The goal is to train a model to predict whether a Titanic passenger survived . ## Prepare data The data is prepared in two versions, using different scaling(StandartScale and RobustScale)

Models

The models trained within the Pipeline are:

GradientBoosting:

_target_: sklearn.ensemble.GradientBoostingClassifier
random_state: 42
n_estimators: 500
learning_rate: 0.01
max_depth: 2

Random Forest:

_target_: sklearn.ensemble.RandomForestClassifier
n_estimators: 200
max_depth: 200
criterion: "entropy"
min_samples_split: 2
random_state: 42
Model parameters are taken from configs using Hydra

Pipeline

As part of the task, the pipelines were run using a conda virtual environment containing Scikit-learn, etc. packages to train the ML model inside the Snakemake pipelines. The launch command:

‘snakemake –cores 4’

DAG

To build dag launch command:

snakemake --dag | dot -Tsvg > pipeline.svg.

Stage of pipelines

  1. load_data - loading data from kaggle folder
  2. prepare_data - preprocessing dataset with two types of scaling(RobustScaler, StandartScaler)
  3. train_model - fitting models of GradientBoosting and RandomForest with two variants input data

Artifacts

Pipeline trained 2 models with 2 different variants of data preprocessing.

Code of pipelines

Code

Hydra

In pipeline use a Hydra - framework for configuring. In this project use hydra Compose-API(‘workflows/scripts/prepare_data’)

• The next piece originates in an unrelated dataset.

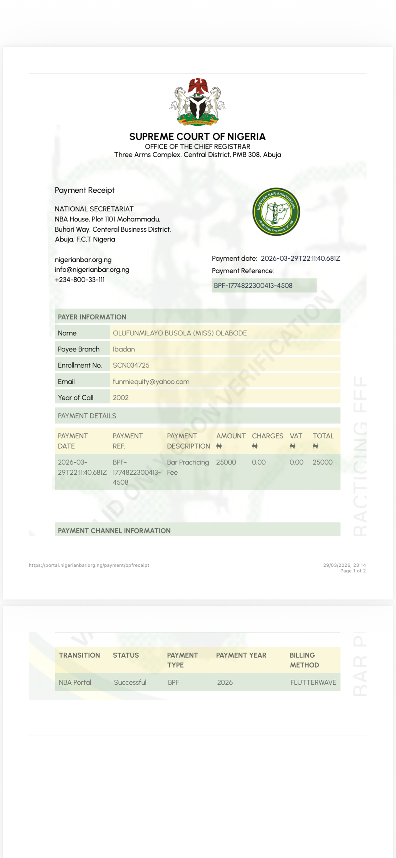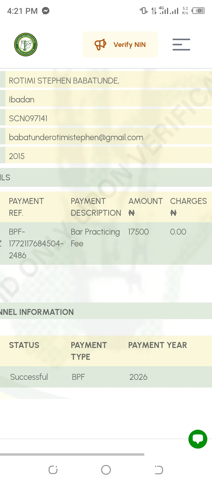 26 | Folorunso Akinade Ahmed | 2007 | SCN055746 | ahmedlaw2003@gmail.com | 07072279060 | N12,500 | 12/01/2026 | i paid N1500 for membership ID card Thanks. | |||

On this stage realized function to read params from config:

def return_config(config_path: str, config: str):
    with initialize(config_path=config_path):
        config = compose(config)
    return config

and setting params from config:

simple_imputer_config = return_config(
        "../../config/preprocessing", config="simpleimputer.yaml"
    )
SimpleImputer(**simple_imputer_config)

Also use an instantiate(‘workflows/scripts/train_model’) to initialise the model inside auxiliary python modules

For this realized function with writing overrides:

def compose_config(overrides: list[str] | None = None) -> DictConfig:
    """get a config for overriding params

    Args:
        overrides (list[str] | None, optional): params with override values

    Returns:
        DictConfig: config
    """

    with initialize(config_path="../../config"):
        hydra_config = compose(config_name="config", overrides=overrides)
    return hydra_config

and example to use it in implementing model in code:

if model_type == "GBT" or model_type == "RNDF":
        cfg = compose_config(overrides=[f"model='{model_type}'"])
        model = instantiate(cfg["model"])